Finalement ces récits témoignent du paradigme de la sensibilité au paysage dont l’appréciation ignore la trame foncière mais dont l’accessibilité et l’appropriation (mentale ou physique) peuvent être limitées par cette dernière. En effet, l’ensemble des paysages décrits relèvent du domaine privé : les bois sont privés et accessibles par un droit de passage communal restreint, les jardins appartiennent à des propriétés privées et les prairies convoitées se dessinent par les limites de terrains. À l’issu de l’entretien, une promenade avec une retraitée Bidartare m’a permis d’observer son attitude vis-à-vis des enjeux d’accès des espaces qui relèvent du domaine privé. En effet, nous nous sommes promenés sur des espaces qui relèvent tantôt du domaine privé, tantôt du domaine public. Cependant, la personne prenait le soin de me diriger sur la route communale ou de m’inviter à contourner les voies qu’elle pensait privées. Son regard se portait essentiellement sur les jardins et les forêts traversées (appropriation mentale) où elle me révélait secrètement avoir cueilli fleurs ou champignons (appropriation physique)

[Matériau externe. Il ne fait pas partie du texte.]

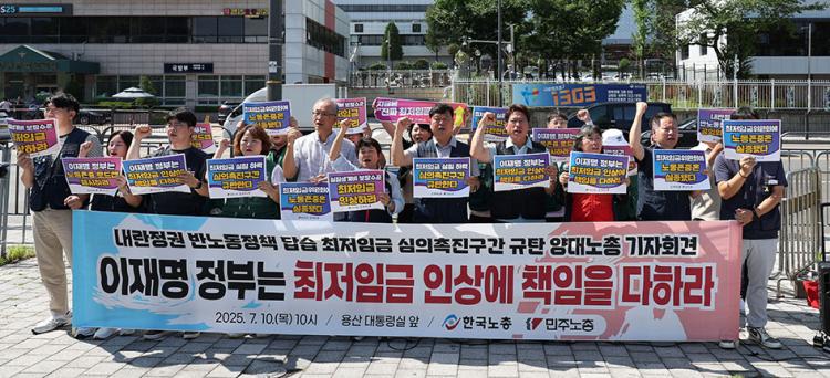 Çѱ¹³ëÃÑ¡¤¹ÎÁÖ³ëÃÑÀÌ 10ÀÏ ¼¿ï ¿ë»ê±¸ ´ëÅë·ÉÁý¹«½Ç ¾Õ¿¡¼ ±âÀÚȸ°ßÀ» ¿°í ÃÖÀúÀÓ±Ý ½ÇÁú Ç϶ô ½ÉÀÇÃËÁø±¸°£À» ±ÔźÇÏ¸ç ½ÇÁú»ý°èºñ º¸Àå¼öÁØÀÇ ÃÖÀúÀÓ±Ý ÀλóÀ» Ã˱¸Çϰí ÀÖ´Ù.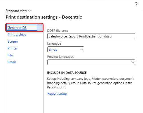 It defines which data is available and how it is structured, so the Docentric AX Designer knows what data can be used when building a report template. That version is called the design-time DDSP. It is the one you use when creating or updating a template.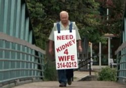 Американец-пенсионер вполне может претендовать на титул самого любящего мужа планеты: когда его жене понадобилась пересадка почки, он вышел на дороги своего штата с плакатом, взывающим к милосердию – и добрая душа нашлась: жизнь женщины была спасена.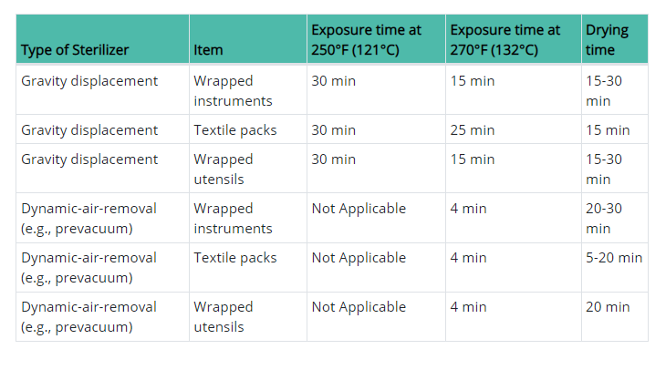 Different types of autoclaves deliver different sterilization time. There are three types of steam sterilization cycles recognized by the Association for the Advancement of Medical Instrumentation (AAMI). The minimum cycle times of dental sterilizer varies depending on temperature, different types of sterile instruments (wrapped or unwrapped), and manufacturer’s instructions. Some of the steam sterilizers are “intelligent” enough to shorter cycle times or reducing the number of sterilization cycles by certain manual activities.

De même lors de la marche MESJLV1 effectuée à Saint-Jean-le-Vieux, la partie la plus appréciée située dans les champs était en réalité réalisée sur des espaces privés. Elle n’a été permise que parce que le berger qui nous accompagnait connaissait le territoire, les propriétaires et était lui-même propriétaire d’une partie des terrains. En réalité ce type de marche ne pourrait être rendue publique ni être réalisée souvent puisque les champs ont une réelle valeur utilitaire pour les agriculteurs et leur publicisation pour des cheminements ne pourraient avoir lieu. Les reportages photographies aussi sont très révélateurs de cette pratique d’attention du paysage sur des espaces privés. En effet, à l’instar de la plupart des photographies réalisées par les interviewés, à Bidart comme à Saint-Jean-le-Vieux, les photographies réalisées lors de la marche MESJLV1 (149) s’attardent à porter un regard des paysages sur les prairies détenues par les agriculteurs ou les forêts (qui en réalité relèvent du domaine privé également).